Furthermore, the integrated absolute errors (IAEs) and integrated time absolute errors (ITAEs) of the proposed controller and the linear feedback controller are listed in

Table 1. IAEs and ITAEs of the controllers.

	$\mathit{I}\mathit{A}{\mathit{E}}_{\mathit{e}1}$	$\mathit{I}\mathit{A}{\mathit{E}}_{\mathit{e}2}$	$\mathit{I}\mathit{A}{\mathit{E}}_{\mathit{e}3}$	$\mathit{I}\mathit{T}\mathit{A}{\mathit{E}}_{\mathit{e}1}$	$\mathit{I}\mathit{T}\mathit{A}{\mathit{E}}_{\mathit{e}2}$	$\mathit{I}\mathit{T}\mathit{A}{\mathit{E}}_{\mathit{e}3}$
Proposed controller	0.0194	0.0237	0.0249	0.0603	0.0583	0.0669
Compared controller	0.0708	0.0689	0.0621	0.2206	0.1932	0.1923

to quantitatively compare their synchronization performance. The IAEs are defined as $IA{E}_{e1}={\displaystyle {\int }_0^t\left|e_1\left(\tau \right)\right|\mathrm{d}\tau }$, $IA{E}_{e2}={\displaystyle {\int }_0^t\left|e_2\left(\tau \right)\right|\mathrm{d}\tau }$, and $IA{E}_{e3}={\displaystyle {\int }_0^t\left|e_3\left(\tau \right)\right|\mathrm{d}\tau }$, which corresponds to the steady-state performance of the controller. Moreover, the ITAEs are defined as $ITA{E}_{e1}={\displaystyle {\int }_0^t\tau \left|e_1\left(\tau \right)\right|\mathrm{d}\tau }$, $ITA{E}_{e2}={\displaystyle {\int }_0^t\tau \left|e_2\left(\tau \right)\right|\mathrm{d}\tau }$, and $ITA{E}_{e3}={\displaystyle {\int }_0^t\tau \left|e_3\left(\tau \right)\right|\mathrm{d}\tau }$, which corresponds to the transient performance of the controller. As shown in Table 1, the IAEs of the linear feedback controller are 400% larger than the proposed controller. Moreover, the ITAEs of the linear feedback controller are 300% larger than the proposed controller. This means that the proposed controller can realize the superior steady-state and transient performance compared to the linear feedback controller.
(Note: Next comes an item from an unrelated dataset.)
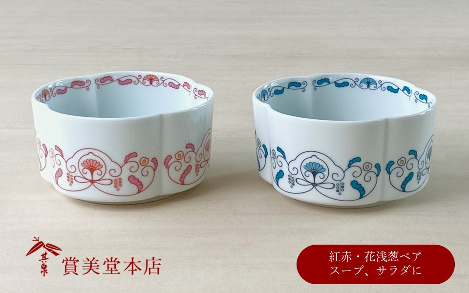 サラダ・スープにちょうど良いボウル 有田焼 其泉 ゆいからくさ 四つ葉形 ボウル 花浅葱 紅赤 ペア【賞美堂本店】器 うつわ 食器 皿 鉢 ボウル ペア 2枚 赤 青 贈答 ギフト 電子レンジ対応 食洗機対応 A45-307

To summarize, it can be concluded from the simulation results that the proposed fixed-time neural adaptive controller is capable of achieving better synchronization performance and stronger robustness against unknown parameters and perturbations than the compared linear feedback controller in terms of superior steady-state and transient performance.

5. Conclusions

In this article, a fixed-time neural adaptive control approach is originally proposed for the synchronization of unknown chaotic financial systems with output constraints. The proposed controller is developed by introducing the BLF to handle the output constraints and adopting the NN to identify the unknown part of the synchronization error system. Particularly, the concept of indirect NN identification is employed, which makes the proposed controller computationally simple. The stability argument shows that the proposed controller can ensure all error variables in the closed-loop system regulate to the minor residual sets around zero in fixed time. Finally, simulations and comparisons indicate that the proposed controller can realize better synchronization than the compared linear feedback controller, owing to the utilization of NN identification. Future investigations of this work are to further improve the proposed control design by taking time delays into consideration.